Radicalization into violent extremism within the prison system has exponentially increased globally, making it a much-debated topic in recent times. In June 2022, the Cabinet Secretary for the Ministry of Interior and Coordination of the National Government in Kenya, Dr. Fred Matiang’i, acknowledged that there was an increase in religious radicalization in Kenyan prisons. This trend presents security agencies and policymakers with new challenges to the safety of prisons in the country.
In Kenya, as is the case elsewhere in the world, correctional facilities such as prisons are set up to isolate wayward individuals who commit various types of crimes by rehabilitating them in enclosed spaces where they are reformed to reduce recidivism, whilst at the same time, protecting the society from harm. However, in Kenya, the current structure of prisons dates back to the post-independence period and has not been redesigned to accommodate emerging forms of criminalities such as violent extremist offenders. This has made it easier for prisoners to mingle and join various groups. It is imperative to note that some of the prisoners have a background of violence and threatening behavior. Add that to the overcrowding and poor living conditions in prisons – a mix of facilitating factors that push inmates into violent extremist groups. Several reports and research papers have also supported the assertion that prisons are becoming the new breeding grounds for violent extremists.
...there is no doubt that preventing and countering terrorism and violent extremism in Kenya increasingly demands dedication, specialization, and a great deal of attention as the nature of the threat evolves.
But how exactly does radicalization take place in these spaces? Often, new inmates become vulnerable when they enter the prison system making them susceptible to indoctrination by various groups. There are two key push and pull factors: first, push factors such as perceived marginalization, lack of freedom, and poor living conditions leave these prisoners with limited options and thus find themselves entertaining radical thoughts. Second, terrorist recruiters, who are part of larger networks of organized crime groups, are always seeking ways of growing their networks by attracting new membership. These recruiters are adept at spotting vulnerable inmates and luring them into their networks through overt and covert tactics. In addition, these recruiters exploit the hatred and frustrations of inmates inside the prison by driving them towards a shared ideological commitment to violence.
The Kenya Prisons Service has acknowledged the need to rehabilitate and reform offenders especially the youth in Borstal institutions and Youth Correctional Training Centre (YCTC). Indeed, a parallel program known as Disengagement, Deradicalization, Rehabilitation and Reintegration (DDRR) has already been rolled out and it is responding to this emerging issue. However, for DDRR policy to be effective in the longer-term, attention needs to be given to the various types of inmates; terrorists serving jail terms, terror suspects in remand, and those who have not gone to prison but had been offered amnesty. Other parameters should also be sensitive to gender, cultures, religious sensitivities, as well as the environment. The need for disengagement and rehabilitation for terrorists and violent extremists is particularly essential as compared to crime-committing individuals.
In addition to reviewing the DDRR program, it is important for all prison staff to receive expert training on how to not only handle terrorist inmates but also how to manage those who are vulnerable to radicalization within this space. Training staff on diversity awareness which could entail appreciating the varied cultural and religious backgrounds of prisoners to distinguish between behaviors and practices potentially linked to radicalization would greatly contribute towards the deradicalization process as well as act as a deterrence against radicalization. Staff should also be trained to understand radicalization as a process, as well as the individual, social and environmental factors behind prisoners’ behavior. Staff must recognize the process, not just be on the lookout for ‘signs’. Specially trained staff composed of psychologists, social workers, art/culture, therapists, and faith leaders should also be appointed to give additional expert advice on disengagement intervention programs.
Therefore, there is no doubt that preventing and countering terrorism and violent extremism in Kenya increasingly demands dedication, specialization, and a great deal of attention as the nature of the threat evolves.
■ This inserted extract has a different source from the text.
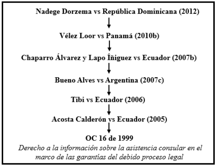 Por último, en el caso Nadege Dorzema vs. República Dominicana determinó que los extranjeros se encuentran muchas veces detenidos en un medio social y jurídico diferente, y con un idioma que desconocen, por lo que el derecho a ser asistidos a través de un cónsul garantiza que exista un debido proceso en igualdad de condiciones frente a los nacionales y goce de ambientes de detención compatibles con el respeto a la dignidad de las personas.71
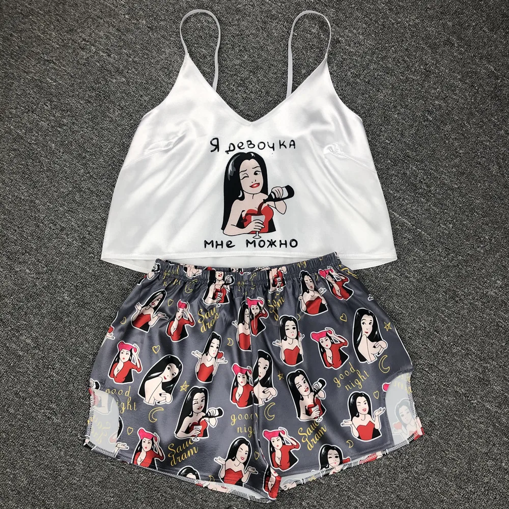 Атласная пижама с мультяшным принтом животных, милая Пижама, домашний костюм, летняя пикантная Пижама с V-образным вырезом, на бретелях-спагетти, свободная Пижама

Indeed, acknowledging that radicalization and recruitment into terrorist organizations is taking place within prisons is the first crucial step towards finding a long-lasting solution to this menace. Prison structures have remained unchanged even as various types of inmates including those who have committed grave offences such as violent extremism are incarcerated without an appropriate reform program. This has allowed prisoners to be incubators of violent extremist ideologies, a dangerous trend and a blow to PCVE efforts. Consequently, prioritizing, reforming, and adequately resourcing programs such as DDRR as well as training staff on various nuances related to prisoners with terrorism offences would be a huge step towards securing gains made in the PCVE space outside the prisons.